Supplied entries
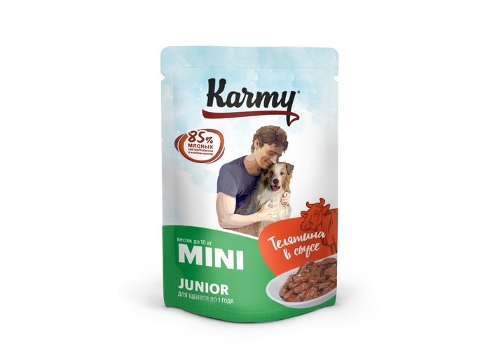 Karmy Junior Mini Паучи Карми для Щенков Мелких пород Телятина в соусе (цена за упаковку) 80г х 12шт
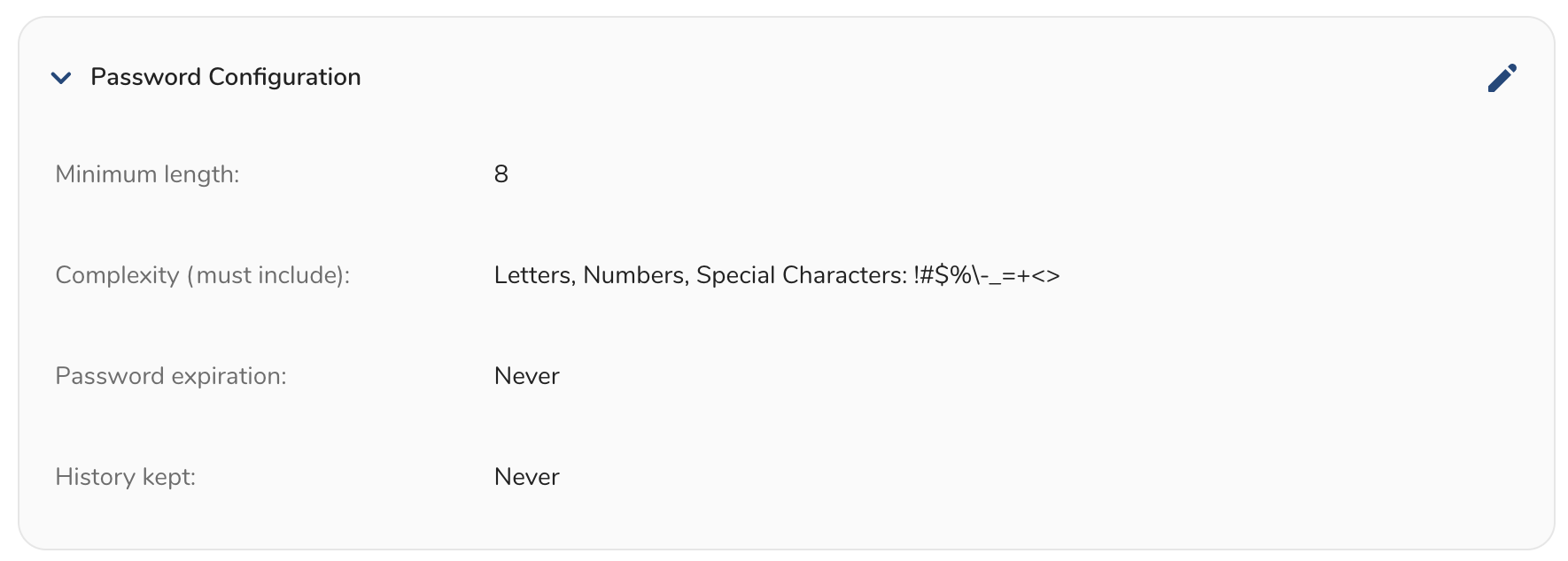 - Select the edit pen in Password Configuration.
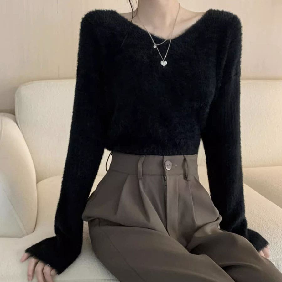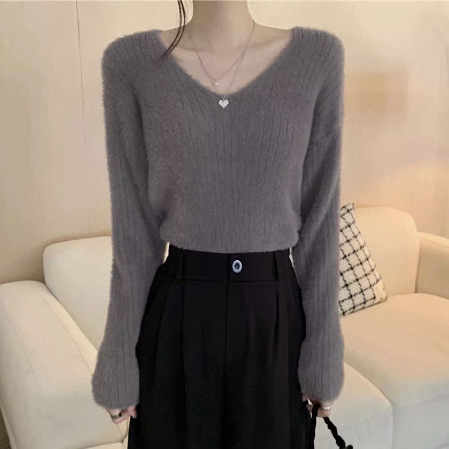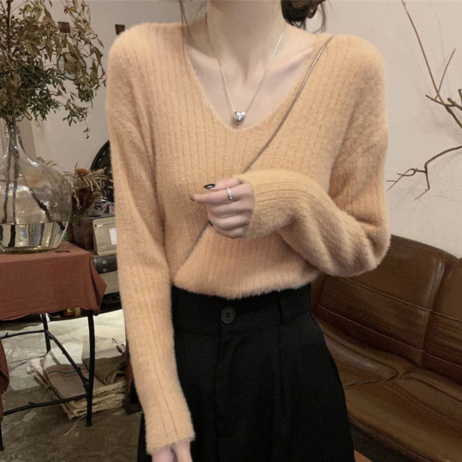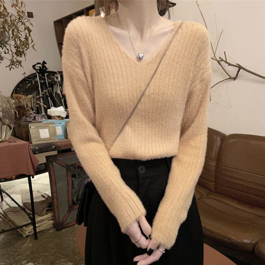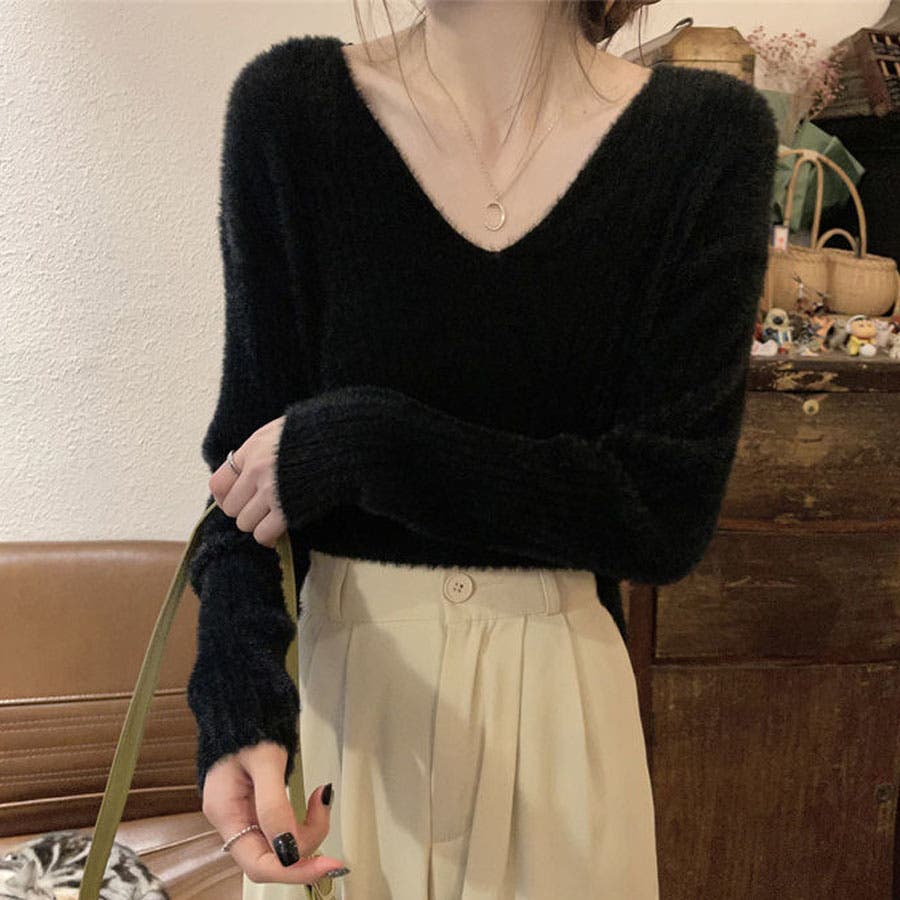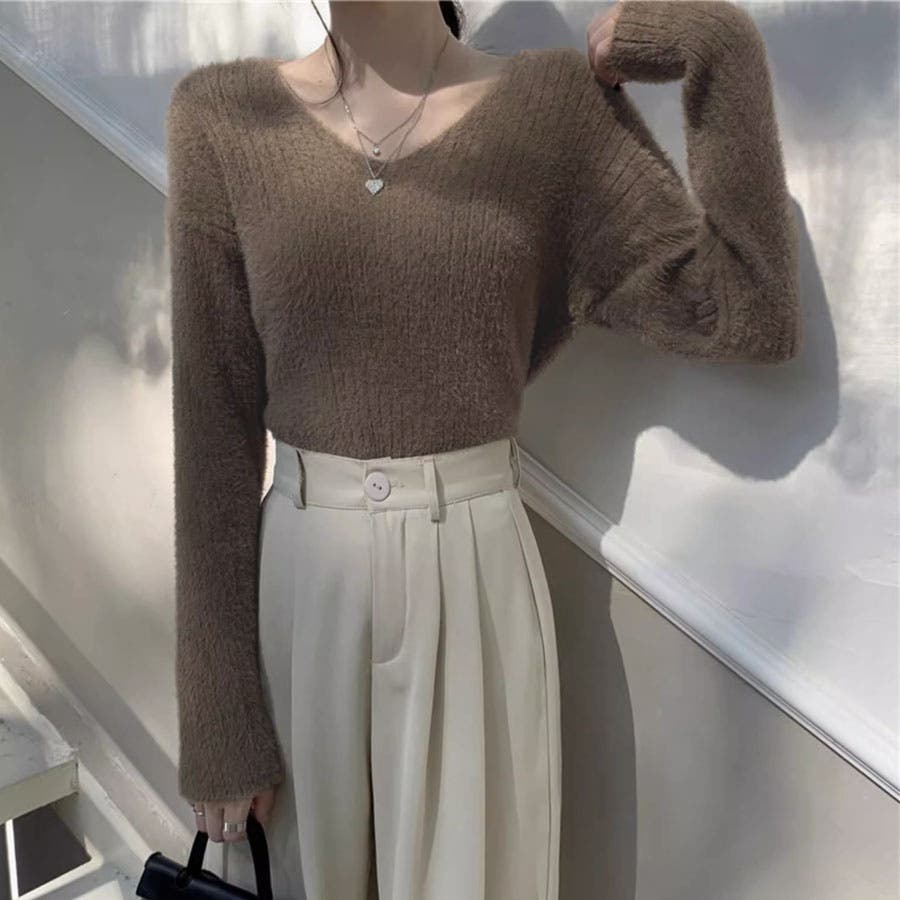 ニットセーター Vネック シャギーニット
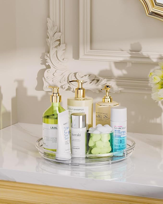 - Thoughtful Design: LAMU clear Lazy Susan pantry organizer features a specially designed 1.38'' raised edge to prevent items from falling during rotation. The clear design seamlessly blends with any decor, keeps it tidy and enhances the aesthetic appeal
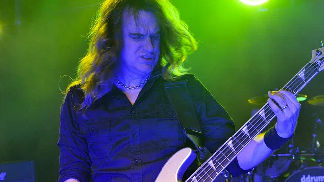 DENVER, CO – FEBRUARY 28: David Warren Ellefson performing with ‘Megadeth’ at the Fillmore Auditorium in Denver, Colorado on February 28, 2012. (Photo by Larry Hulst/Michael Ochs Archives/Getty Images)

Work instruction
Of the lines above, copy only those from the one holding "ニットセーター Vネック シャギーニット" to the one holding "- Thoughtful Design: LAMU", both included, and exclude every image.

Solution for this problem
 ニットセーター Vネック シャギーニット
 - Thoughtful Design: LAMU clear Lazy Susan pantry organizer features a specially designed 1.38'' raised edge to prevent items from falling during rotation. The clear design seamlessly blends with any decor, keeps it tidy and enhances the aesthetic appeal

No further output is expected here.